Apesar de permitir a transferência muscular sem o uso de enxerto, encontramos uma alta taxa de lesão ou tensão excessiva no nervo acessório espinhal (11/12 ombros) com a técnica do Grupo 3. É provável que fazer esta transferência exigiria uma dissecção vasculo-nervosa adicional para se obter uma maior mobilização e evitar lesão.
Este estudo tem algumas limitações. Devido à rigidez dos cadáveres, fomos incapazes de testar a viabilidade de transferências musculares com membros superiores em rotação externa e abdução, o que talvez aumentaria a probabilidade do tendão muscular do trapézio inferior e/ou da porção transversal alcançar o tubérculo maior do úmero. Também não pudemos observar se as transferências musculares levariam a alguma isquemia muscular por compressão do pedículo vascular.
Não foi possível determinar a tensão muscular adequada para manter a transferência e assim avaliar seu efeito no movimento das articulações glenoumerais, uma vez que se trata de um estudo anatômico em cadáveres. Existem alguns estudos clínicos sobre este tema, demonstrando um aumento considerável na amplitude da rotação glenoumeral externa.
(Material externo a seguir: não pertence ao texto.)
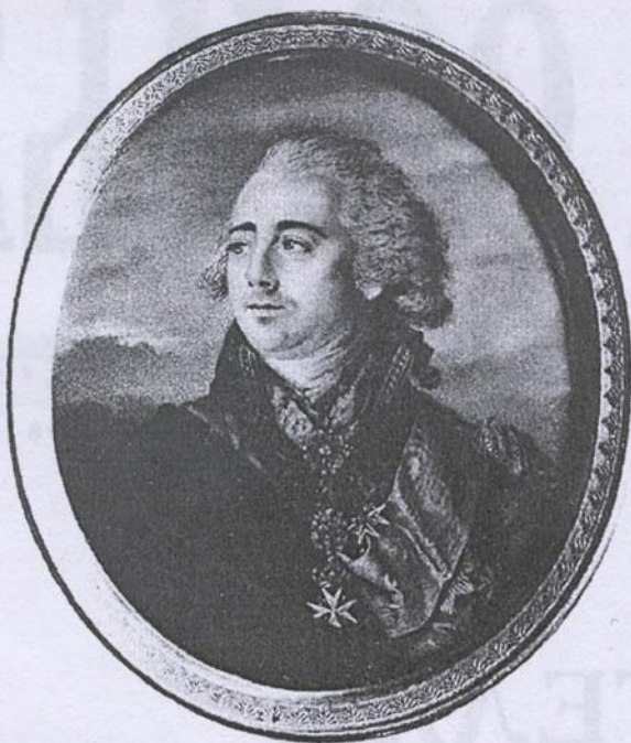
Графъ Иванъ Павловичъ Le Comte Ivan Pavlowitch Кутайсовъ, Koutaisoff, 1759 — 1834 1759 — 1834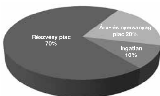
TrendMax árfolyamvédett eszközalap

1: nem jellemző/nagyon alacsony, 2: alacsony, 3: közepes 4: magas, 5: nagyon magas * Futamidő alatt 5, lejáratkor 1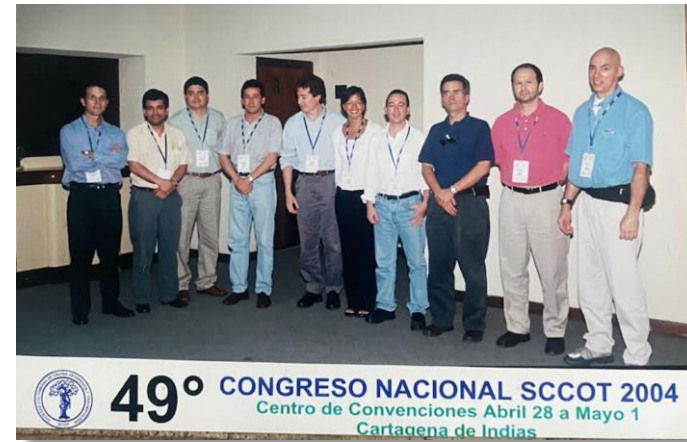
49º CONGRESO NACIONAL SCCOT 2004 Centro de Convenciones Abril 28 a Mayo 1 Cartagena de Indias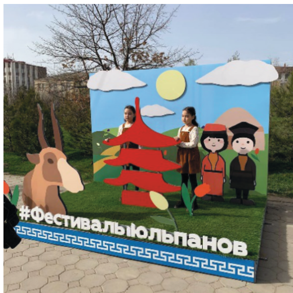
Рис. 4. Фирменный стиль и сайт мероприятия.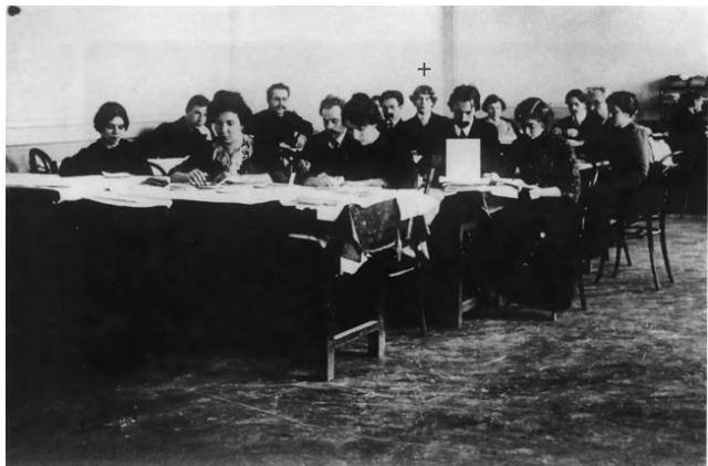
13. С. А. Есенин в группе работников типографии «Т-во И. Д. Сытина» 1914. Москва.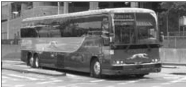
Vorbild Greyhound-Bus in den USA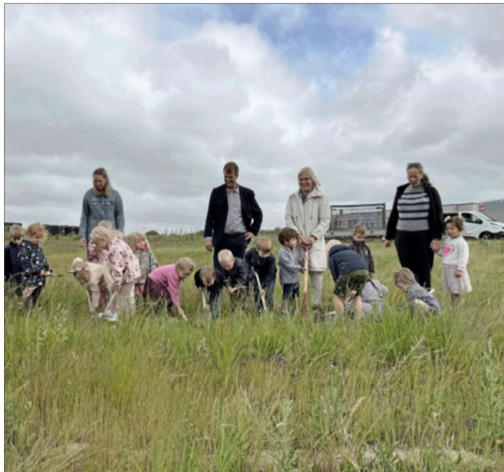
Børnene fra den nærliggende Bøgeskovgård Børnehave gav den gas med de første spadestik.

I skrivende stund er de første 10 boliger reserveret, og planen er at beboerne skal være i alle aldre. Målet er, at 1/3 af husstandene skal have hjemmeboende børn, max 1/3 skal være single-husstande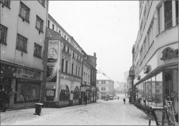
Kroměřížskou Vodní ulici v centru města čekají náročné opravy, které kvůli havarijnímu stavu musí začít dříve.

Bližší informace na www.magicbus.cz nebo tel.: 604 113 400.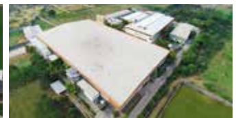
Shakti Hörmann Pvt. Ltd., Indien

Als einziger Hersteller auf dem internationalen Markt bietet die Hörmann Gruppe alle wichtigen Bauelemente aus einer Hand. Sie werden in hochspezialisierten Werken nach dem neuesten Stand der Technik gefertigt. Durch das flächendeckende Vertriebs- und Servicenetz in Europa und die Präsenz in Amerika und Asien ist Hörmann Ihr starker, internationaler Partner für hochwertige Bauelemente. In einer Qualität ohne Kompromisse.

As transferências da inserção das porções inferior e transversal do trapézio foram viáveis em 42% dos casos quando a escápula estava em retração; portanto, esta técnica pode representar uma alternativa ao uso de enxertos ou permitir o uso de enxertos mais curtos. Mas nosso estudo anatômico mostrou que a inserção do tendão da porção transversal do trapézio exibia 50% da largura do tendão da porção inferior. Testes biomecânicos e clínicos são necessários para investigar a resistência da transferência, bem como sua capacidade de gerar movimento de rotação externa da articulação glenoumeral.
CONCLUSÃO
A transferência da origem e da inserção da porção inferior do trapézio e a transferência da inserção distal das porções inferior e transversal mostraram os melhores resultados quanto à viabilidade de sutura do tubérculo maior sem o uso de enxertos tendinosos. Ainda assim, a transferência da origem e da inserção do músculo trapézio inferior mostram uma alta taxa de lesão do nervo acessório espinhal.